Below is a version of that which has been enhanced to answer the
questions raised by this conversation.


Xen guest interface
-------------------

A Xen guest can be provided with block devices.  These are always
provided as Xen VBDs; for HVM guests they may also be provided as
emulated IDE or SCSI disks.

The abstract interface involves specifying, for each block device:

 * Nominal disk type: Xen virtual disk (aka xvd*, the default); SCSI
   (sd*); IDE (hd*).

   For HVM guests, each whole-disk hd* and and sd* device is made
   available _both_ via emulated IDE resp.

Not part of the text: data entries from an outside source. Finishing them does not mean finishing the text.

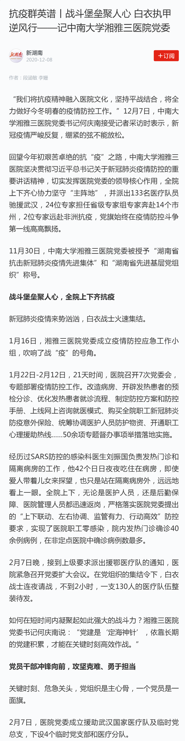 人民网 | 新华网 | 中华人民共和国国家卫生健康委员会 | 中华人民共和国教育部 | 湖南省政府 | 红网 | 湖南省卫生健康委员会 | 湖南省教育厅 | 中南大学 | 湘雅医学院 | 湘雅医院 | 湘雅二医院 | 协和医院 | 华西医院 | 西京医院 | 瑞金医院 | 复旦中山医院 | 武汉同济医院 | 中山医院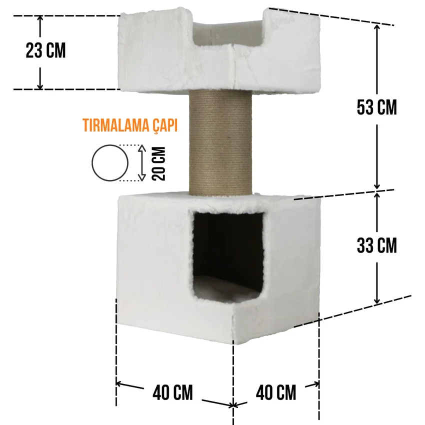 Tırmalama direklerinde kullanılan 6mm doğal jüt halat, masuralara her noktadan yapıştırılarak sağlamlık en üst düzeye çıkarılmıştır. Tırmalama direklerinin alt ve üst kapaklarında MDF kullanılmaktadır.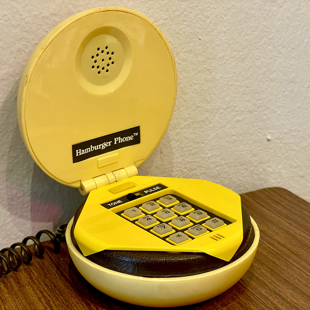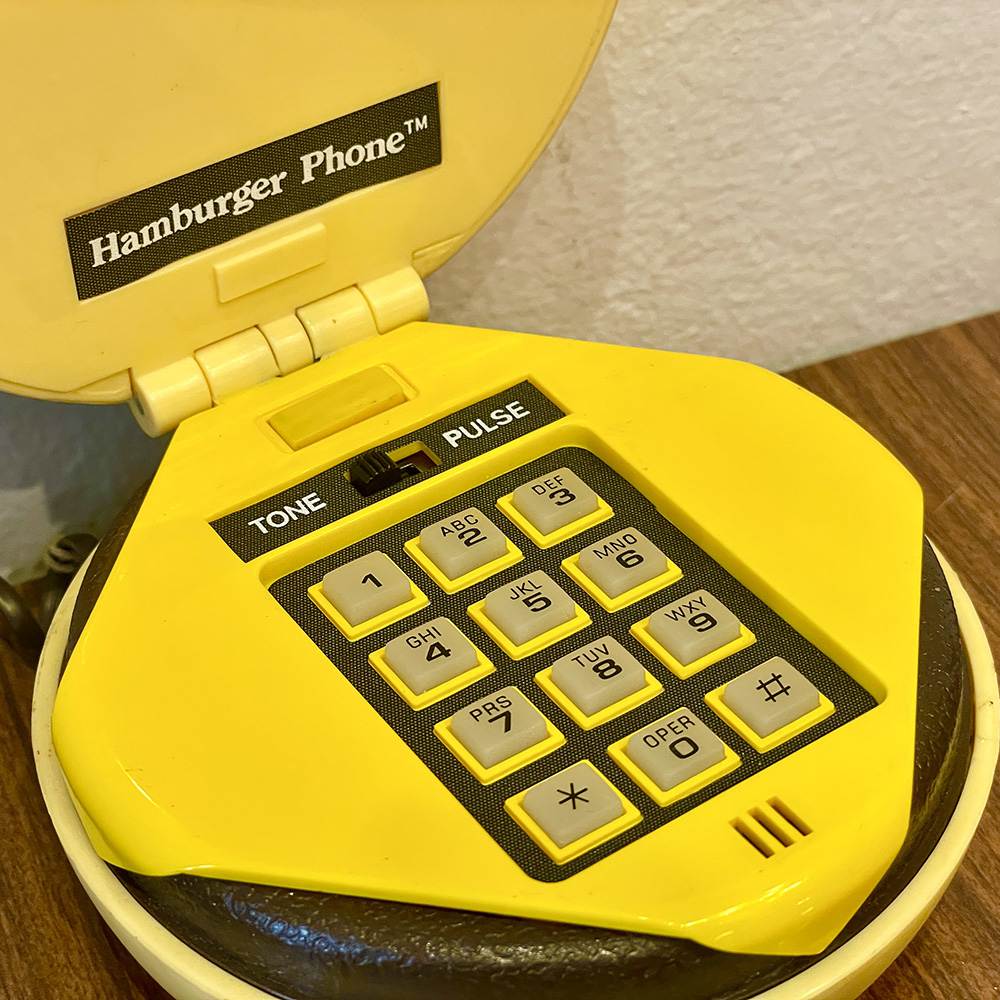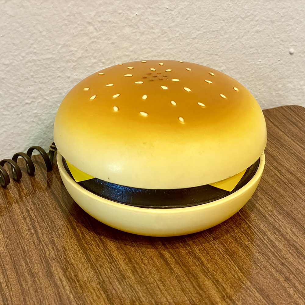 Vintage & συλλεκτικό, ενσύρματο τηλέφωνο σε σχήμα cheeseburger, από τα 80s.
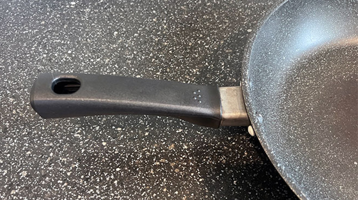 『貝印』のフライパンは、一般的なフライパンと比べて、ハンドルの長さが短いのが特徴なんです。

SCSI controller, _and_ as a
   Xen VBD.  The HVM guest is entitled to assume that the IDE or SCSI
   disks available via the emulated IDE controller target the same
   underlying devices as the corresponding Xen VBD (ie, multipath).

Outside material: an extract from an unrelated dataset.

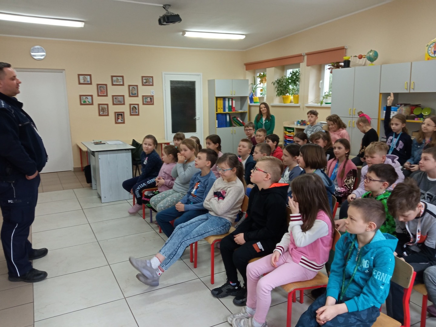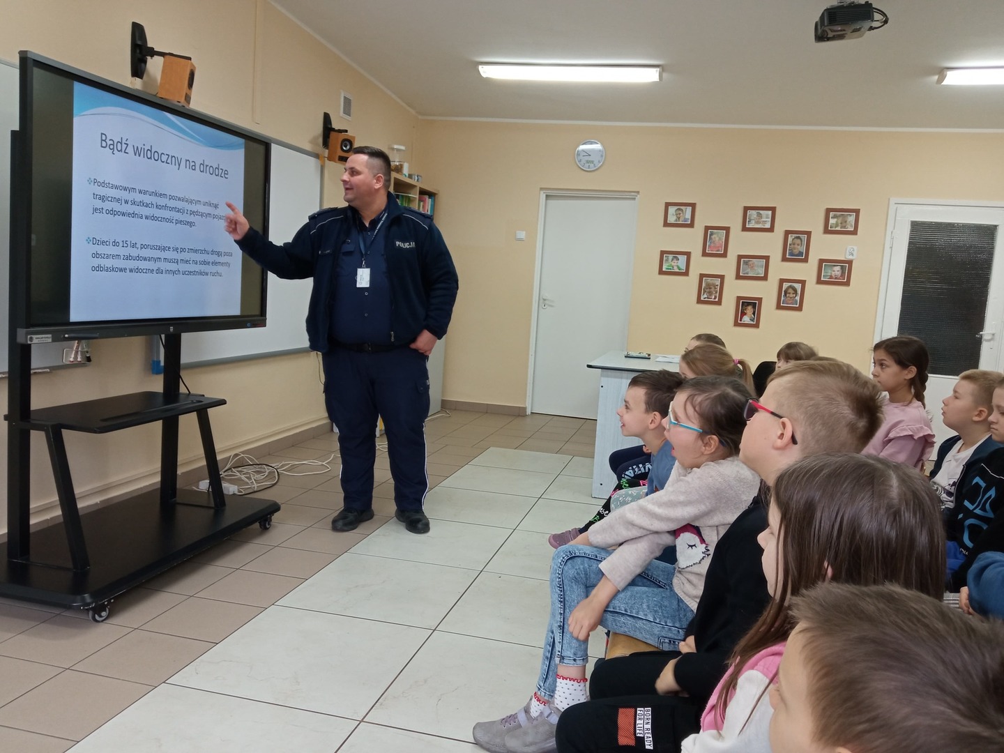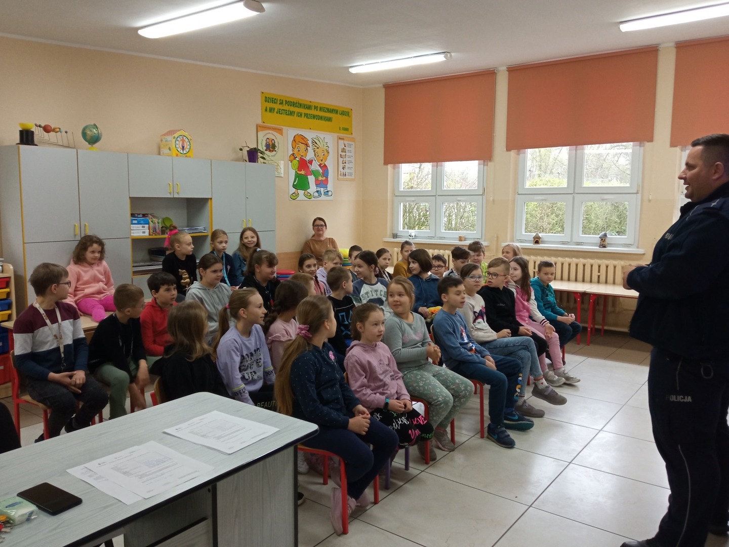 W klasach I - IV dzielnicowy młodszy aspirant Mateusz Jóźwiak przypomniał uczniom zasady dotyczące bezpieczeństwa w ruchu drogowym jako pieszy, rowerzysta a także pasażer w samochodzie. Podkreślił, jak ważną rolę pełnią elementy odblaskowe, które powinni nosić nie tylko piesi. Przypomniał uczniom numery telefonów alarmowych: na policję, do straży pożarnej i pogotowia ratunkowego. Zaproszony gość omówił także niebezpieczeństwa, jakie mogą czyhać na dzieci w kontaktach z obcymi czy zagrożenia wynikające z obcowania z nieznanymi zwierzętami.

   For PV guests every device is made available to the guest only as a
   Xen VBD.  For these domains the type is advisory, for use by the
   guest's device naming scheme.

   The Xen interface does not specify what name a device should have
   in the guest (nor what major/minor device number it should have in
   thee guest, if the guest has such a concept).

 * Disk number, which is a nonnegative integer,
   conventionally starting at 0 for the first disk.

 * Partition number, which is a nonnegative integer where by
   convention partition 0 indicates the "whole disk".

   Normally for any disk _either_ partition 0 should be supplied in
   which case the guest is expected to treat it as they would a native
   whole disk (for example by putting or expecting a partition table
   or disk label on it);

   _Or_ only non-0 partitions should be supplied in which case the
   guest should expect storage management to be done by the host and
   treat each vbd as it would a partition or slice or LVM volume (for
   example by putting or expecting a filesystem on it).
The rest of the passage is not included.